Over the recent summer months, St Andrew’s has hosted its now annual Lunchtime Recital Series where, each week, audiences have been able to get a light lunch, while enjoying some forty or so minutes of musical entertainment by well over thirty different performers, from organ recitals and a school choir, to small brass and string ensembles, and more besides.
Most musical genres have appeared on the menu from time to time, so it felt quite opportune to finish the season off with some light jazz – or jazz-salad, as saxophonist Elaine Davies affectionately referred to her choice of repertoire.
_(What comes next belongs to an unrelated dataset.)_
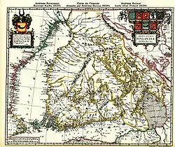 In the turn of the 16th century, there were no fast settlements or villages in Kainuu. However, the Kainuu wilds were still used by few nomadic Sámi, as well as Ostrobothnians and Karelians, to fish and hunt.[4] Savonians started moving to Kainuu in the 1550s, encouraged by the Swedish king Gustav Vasa. They practised slash-and-burn agriculture. Since the Treaty of Nöteborg in 1323, the area had belonged to Russia, and the Swedish rulers wanted to increase the Finnish presence in the area for political reasons.[8] In the coming decades, Russians tried to get rid of the Swedish settlements that had spread to their lands by raiding and destroying Kainuu villages and murdering the men, women and children.[9] This period, which was a part of a larger border conflict between Sweden and Russia, is known to Kainuu people as rappasodat (pillaging wars),[4] during which the Finns of North Ostrobothnia and Kainuu and the Karelians of White Karelia practised guerrilla warfare against each other. After the Russo-Swedish War of 1590–1595, in the Treaty of Teusina in 1595, Kainuu was made a part of the Kingdom of Sweden,[10][2] ending the border conflict. Many Savonian families were again encouraged or forced by the order of the king to move to Kainuu. By the end of the century, Paltaniemi had become the center of the rural municipality.[4]

Swinging through a mixed-bag of Latin numbers by Jobim, old favourites like Lerner and Loewe’s Almost Like Being in Love, or Jimmy Van Heusen’s Polka Dots and Moonbeams, jazz standards like Georgia on my Mind and Sonny Rollins’s Doxy, Elaine arguably sounded at her best on tenor sax, where it blended better, in terms of balance, with the adjacent guitar speaker, rather than her vocals and flute-playing, which relied more on remote speakers, positioned a little further into the church.
Elaine might have fronted this jazz duo, but it was really Fraser Weekes’s contribution on electric guitar that stole the show. Providing the harmony, rhythm, bass-line, as well as taking solo choruses, requires a great degree of talent, especially when accomplished with real panache, and delivered in such a laid-back and confident manner.